Here is an explicit example based on form functions.
Consider the functions:
u1 (x, z) = (x-x_b) / (x_c-x_b)
We have u1 (x_b, z_b) = u1 (x_a, z_a) = 0 (because x_a = x_b) and u1 (x_c, z_c) = u1 (x_d, z_d) = 1
u2 (x, z) = 1 - u1 (x, z)
Now we have u2 (x_b, z_b) = u2 (x_a, z_a) = 1 and u2 (x_c, z_c) = u2 (x_d, z_d) = 0
v1 (x, z) = (z-z_b) / (z_a-z_b)
This function satisfies the condition v1 (x_a, z_a) = v1 (x_d, z_d) = 1 and v1 (x_b, z_b) = v1 (x_c, z_c) = 0
v2 (x, z) = 1 - v1 (x, z)
We have v2 (x_a, z_a) = v2 (x_d, z_d) = 0 and v2 (x_b, z_b) = v2 (x_c, z_c) = 1
Now create new functions as follows:
S_D (x, z) = u1 (x, z) * v1 (x, z)
We get S_D (x_d, z_d) = 1 and S_D (x_a, z_a) = S_D (x_b, z_b) = S_D (x_c, z_c) = 0
S_C (x, z) = u1 (x, z) * v2 (x, z)
We get S_C (x_c, z_c) = 1 and S_C (x_a, z_a) = S_C (x_b, z_b) = S_C (x_d, z_d) = 0
S_A (x, z) = u2 (x, z) * v1 (x, z)
We get S_A (x_a, z_a) = 1 and S_A (x_b, z_b) = S_A (x_c, z_c) = S_A (x_d, z_d) = 0
S_B (x, z) = u2 (x, z) * v2 (x, z)
We get S_B (x_b, z_b) = 1 and S_B (x_a, z_a) = S_B (x_c, z_c) = S_B (x_d, z_d) = 0
Now define your interpolation function as
H (x, z) = h_a * S_A (x, z) + h_b * S_B (x, z) + h_c * S_C (x, z) + h_d * S_D (x, z),
where h_a is the height at point A, h_b is the height at point B, etc.
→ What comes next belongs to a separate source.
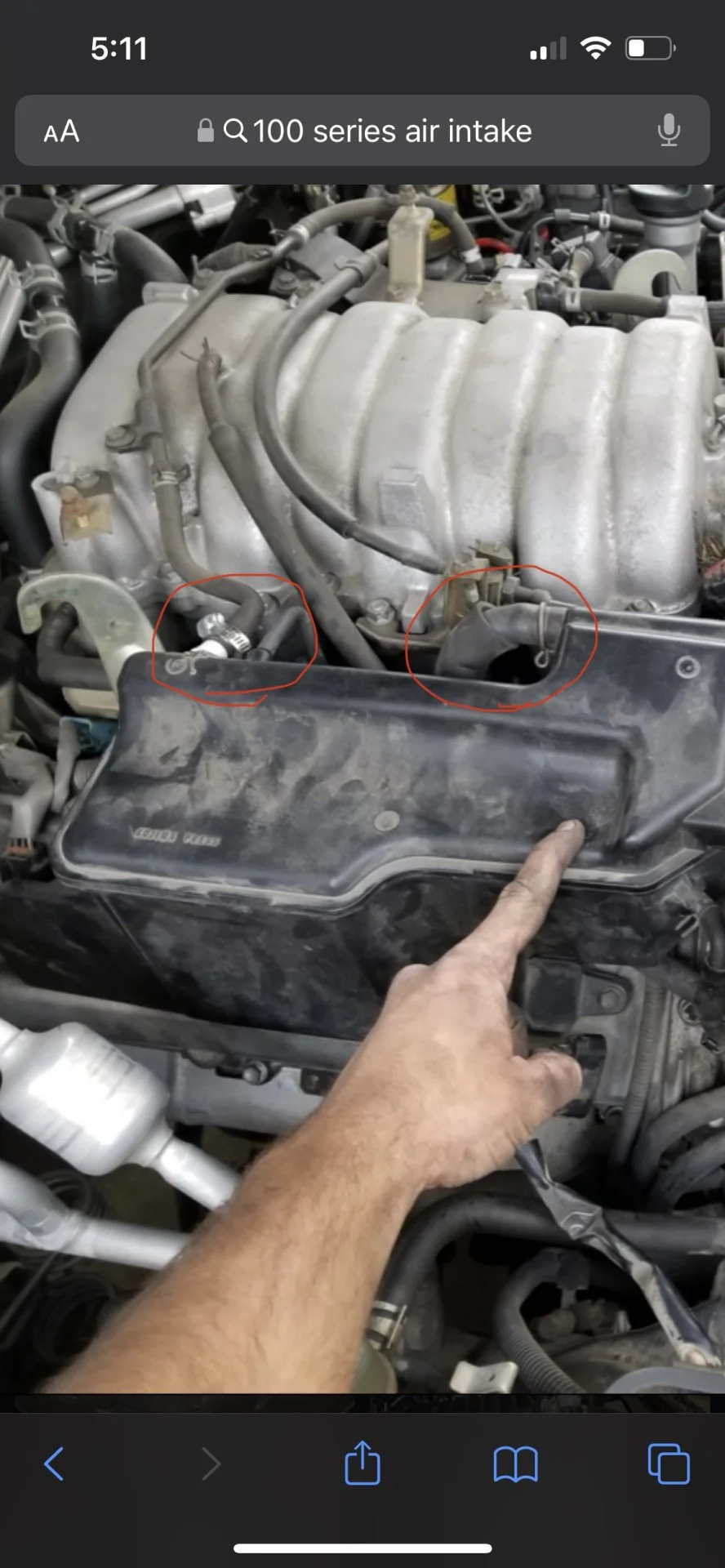 Changed spark plugs and coil packs on the 100 this weekend. Sweet deal on coil packs from denso on Amazon right now. 150$ from Napa auto and only 40$ on Amazon!!! While I was in there I noticed some old hoses going to air intake . Can anyone help identify these hoses in the picture? Toyota parts guys are useless here unless you give a part # (not my pic but you get the idea)View attachment 3081636

You can easily verify that H is indeed an interpolating function:
H (x_a, z_a) = h_a, H (x_b, z_b) = h_b, H (x_c, z_c) = h_c and H (x_d, z_d) = h_d.
Now, to approximate the height at point P, all you have to do is estimate H at that point:
h_p = H (x_p, z_p)
S functions are usually called "form functions." There is one such function for each node you want your interpolated value to depend on, in which case they all satisfy the Kronecker delta property (they take a value of one on one node and zero on all other nodes).
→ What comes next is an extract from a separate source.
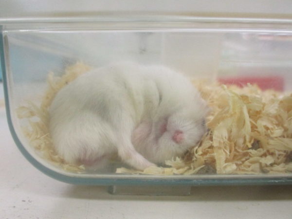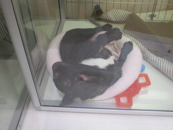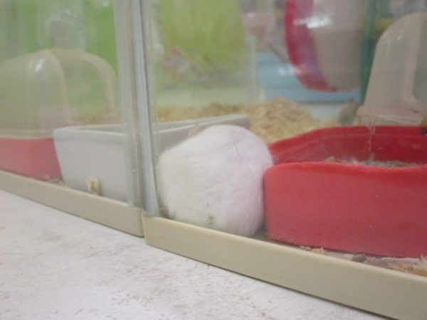 ケージの端で 爆睡

There are many ways to build shape functions for a given set of nodes. If I remember correctly, the construction of two-dimensional form-functions by multiplying the 1D-form functions (as we did in this case) is called the "tensor product of functions" (in this case it is simple because the grid is rectangular). We ended up with four functions (one per node), all of which are linear combinations of {1, x, z, xz}.
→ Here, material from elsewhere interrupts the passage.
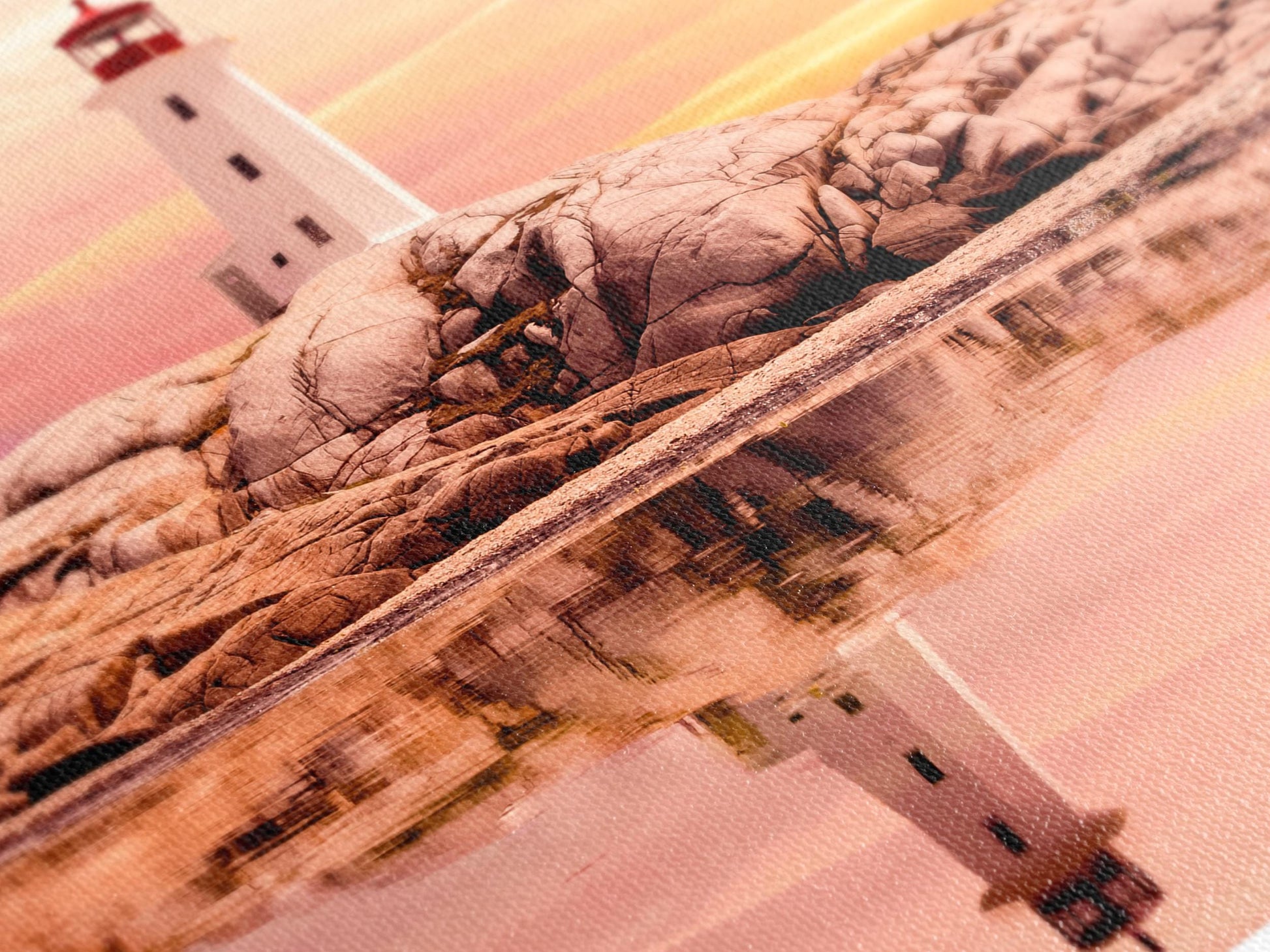 Peggy’s Cove Lighthouse Canvas Print, Large Sunset Wall Art, Oversized Nova Scotia Coastal Artwork for Canadian Home Interior Wall Decor

If you want to use only three points for your interpolation, you should easily build three shape functions in the form of linear combinations {1, x, z}, but you will lose 25% of the height information provided by the grid, and your interpolator will not be smooth inside the rectangle. when h_b! = h_d.